Playing upon their status of digital natives, I outlined the new impetus introduced in recent years by research and new technologies. “Facilitated by technical advances and motivated by the growing interest of people in good and healthy food, producers have started to exploit the many varieties of olive trees growing in our country, which are almost six hundred, not to mention all those undisclosed,” I pointed out, illustrating widespread and rare cultivars which give us delicious extra virgin olive oils. “Biodiversity is a resource, just as your own diversity is,” I invited them to consider this, which got their attention.
“You and your friends, with so different characters and attitudes, enjoy each other’s company and look good together, and the same thing happens with different varieties, which can be used both alone and together with other varieties to create yummy blends,” I suggested simply.
I encouraged them to think about how different aromas and flavors are important in olive oils like the color shades are fundamental to Fabrizio’s sketches of this scene, which he worked on in a corner of the room. “In making extra virgin olive oil, care of the details is fundamental from the olive grove to the mill, as care for details is important in making all the significant things in life,” I said.

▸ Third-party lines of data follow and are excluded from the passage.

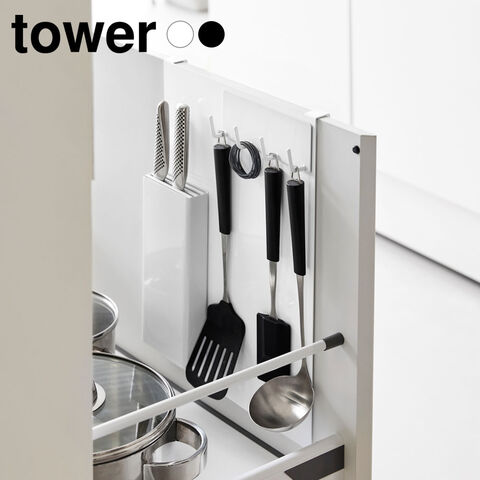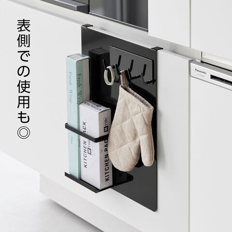 カスタマイズ自在スリムな設計により扉の表側・裏側のどちらでも設置可能で、よく使うキッチンツールを手に取りやすく整理するのに最適。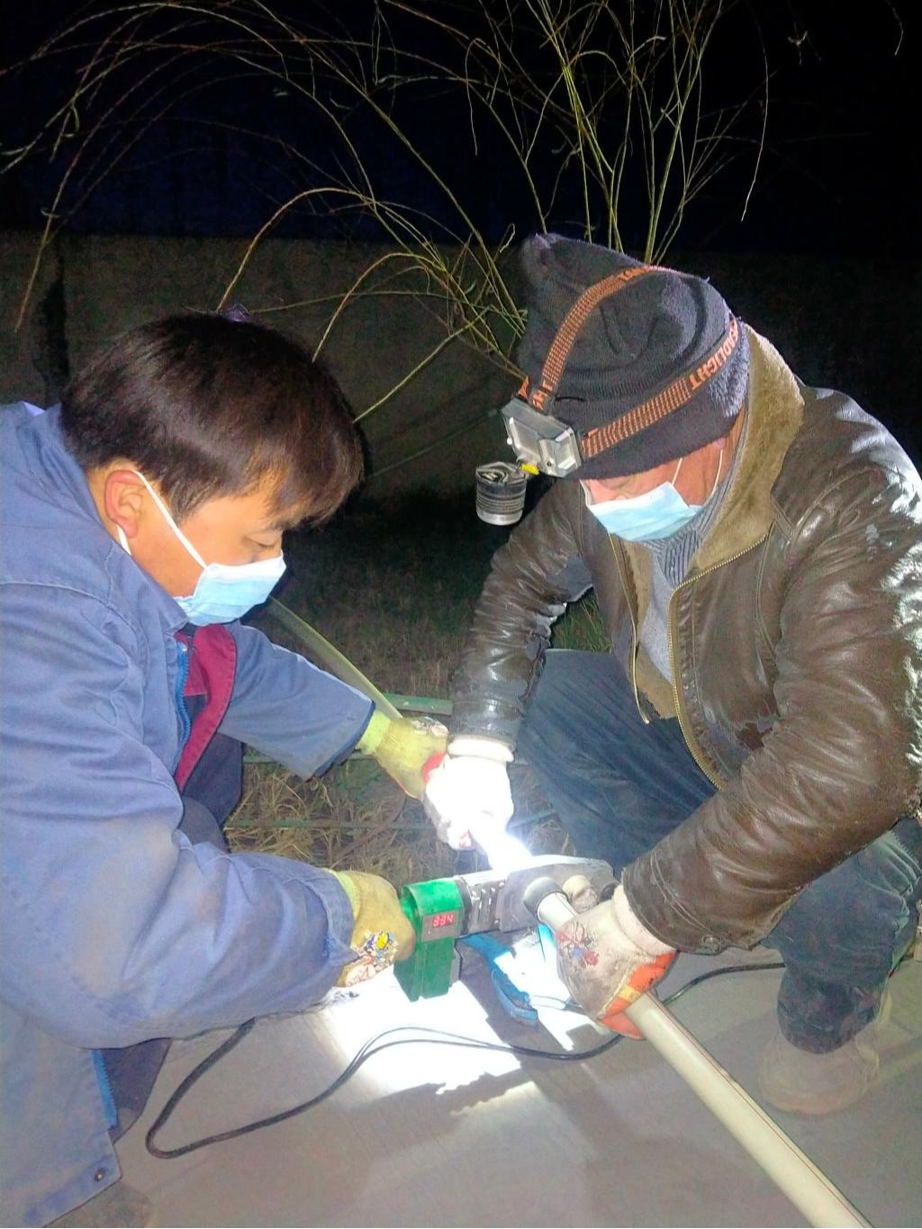 經(jīng)過廠領(lǐng)導(dǎo)班子與技術(shù)人員認(rèn)真研究,商議定于原料車間的螺桿風(fēng)機(jī)串聯(lián)使用,安裝一條PVC輸氣管路。黨員突擊隊(duì)三位同志立即組織開展工作,準(zhǔn)備材料、制作架空固定件、熱熔焊接PVC管等。經(jīng)過4個(gè)多小時(shí)的奮戰(zhàn),終于制作安裝完成一條近百米的輸氣架空管路,磚廠又恢復(fù)了機(jī)器的轟鳴聲。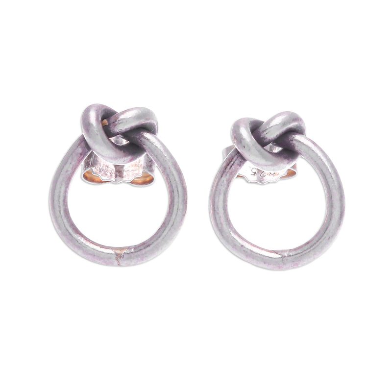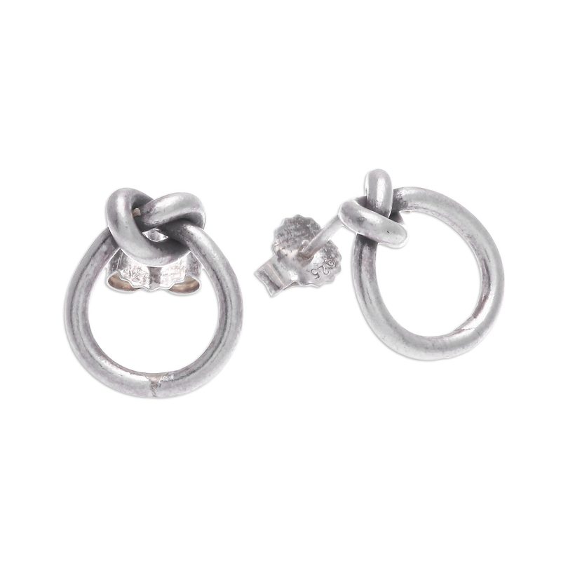 Crafted with an infinity knot, Sasithon Saisuk's button earrings will remind you of the eternal. The Thai artisan centers a 950 silver hoop with a simple knot, finishing the precious metal with oxidized details and a sterling silver post clasp.

“Furthermore, let us think about how extra virgin olive oil, in its several and different expressions depending on the territory of origin, is at the heart of so different cultures,” I considered, explaining how international events bring together oils and tasters from different countries and backgrounds and showing how these differences enrich our lives.

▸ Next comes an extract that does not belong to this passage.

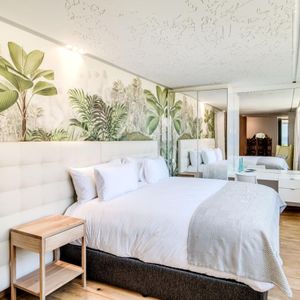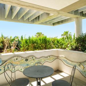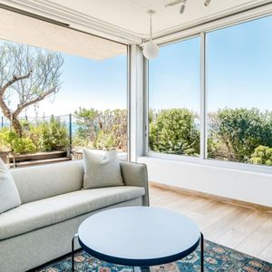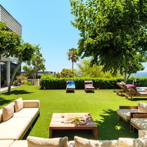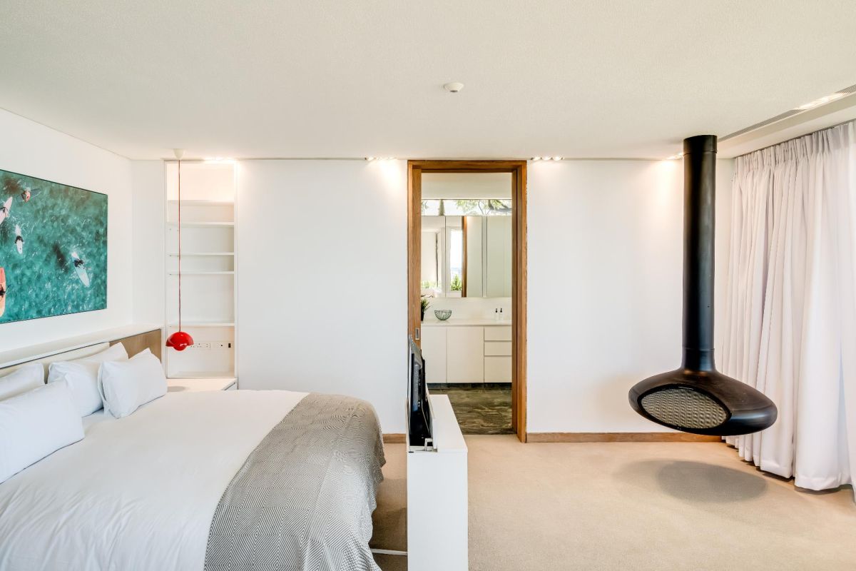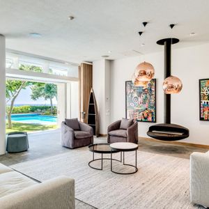 Five king‑bed suites are arranged with comfort in mind. The master suite enjoys a private balcony, dressing room, and biofuel fireplace, while the remaining bedrooms offer a mix of sea views, garden access, or dedicated bathrooms. The well‑equipped kitchen includes a gas hob, breakfast bar, and separate laundry for added convenience.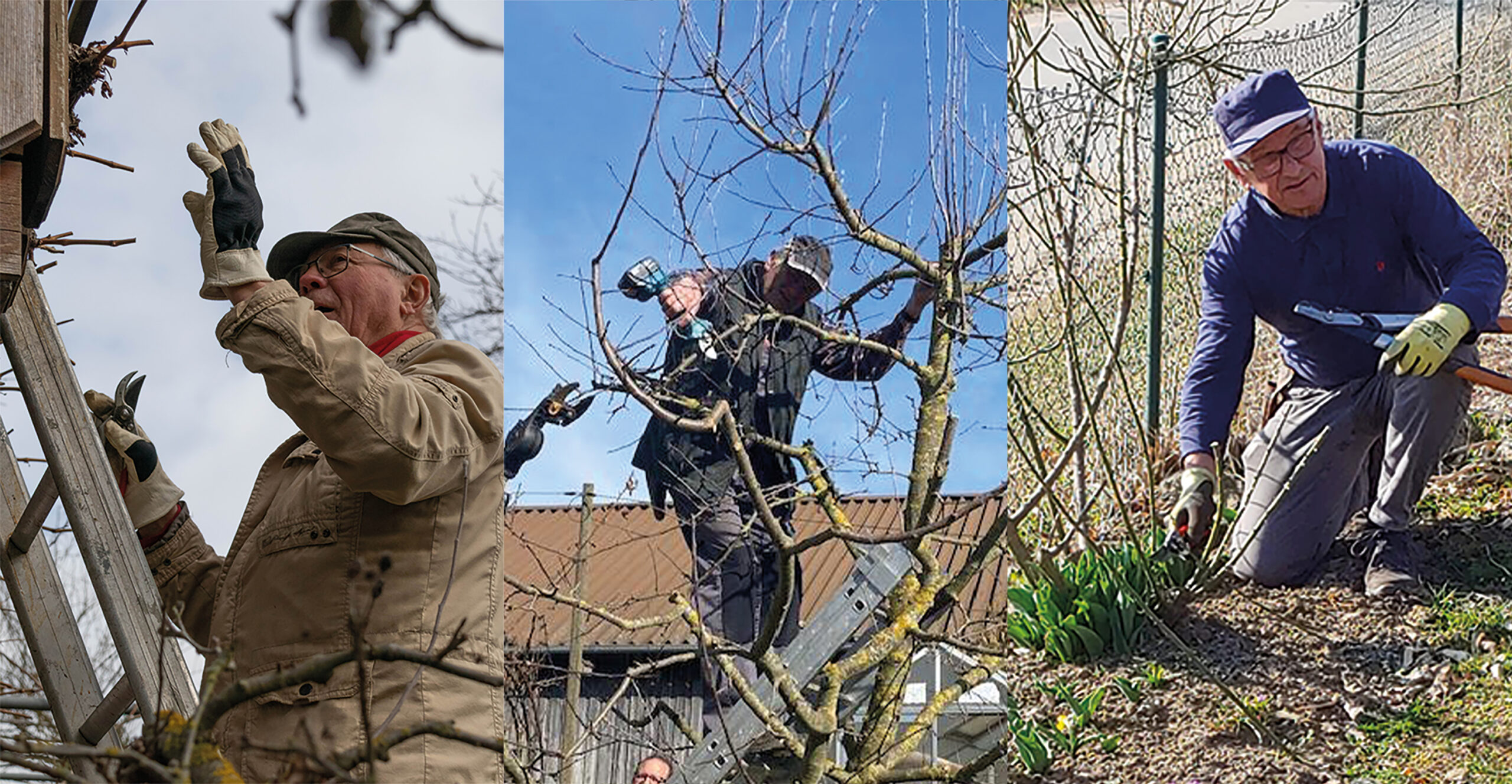 Bildunterschrift: Die Gartenpfleger des Obst- und Gartenbauvereins Pfaffenhofen gestalteten fachmännisch wieder die Schnittkurse. Links: Klaus Mächler beim deutlichen Rücknitt der Weinreben auf einen Zapfen mit zwei Augen. Mitte: Konrad Bayerl reduziert kräftig die Baumkrone für einen pyramidalen Aufbau. Viktor Bahr kniet gerne vor der Königin der Blumen nieder und prüft so deren Vitalität.

So, I introduce them to Xie Na, a taster an exporter who organizes events to show how Italian extra virgin olive oil can be paired with Chinese cuisine. “I use monovarietals and blends which admirably join traditional food of my country of origin,” she explained. “Just to give you one example, I recently prepared an egg and tomato dish with a monovarietal Nocellara del Belice from Sicily.” This shows that EVOO can be used not only in the context of the Mediterranean diet but also in other dietary patterns, thanks to its attractive flavors and healthy properties.
“My mother who is a medical doctor told me that,” Alessandro agreed, and then some kids started asking questions: Luca, like a real expert, asked me what stage has Italian olive growing reached. Andrea revealed that he will go to scientific high school, while Matteo will attend agricultural classes. In any case, I called on them to always follow their hearts, because “if one advances confidently in the direction of his (or her) dreams, and endeavors to live the life which he has imagined, he will meet with a success unexpected in common hours,” as one of my favorite writers, Henry David Thoreau, said.
This means that if you do your work with passion you will get great results, like the Villa Pontina by Francesco Le Donne who brought to our gathering the very first bottles of his new Itrana harvest.
We enjoyed the first expression of a great extra virgin olive oil fresh out of the mill and bottled a few hours earlier while showing kids how to taste it. Some of them, like Serena and Arianna, already knew how to do it and did it pretty well, showing off the typical strippagio noise of slurping, and trying to detect flavors and aromas before we enjoyed a snack of bruschetta together.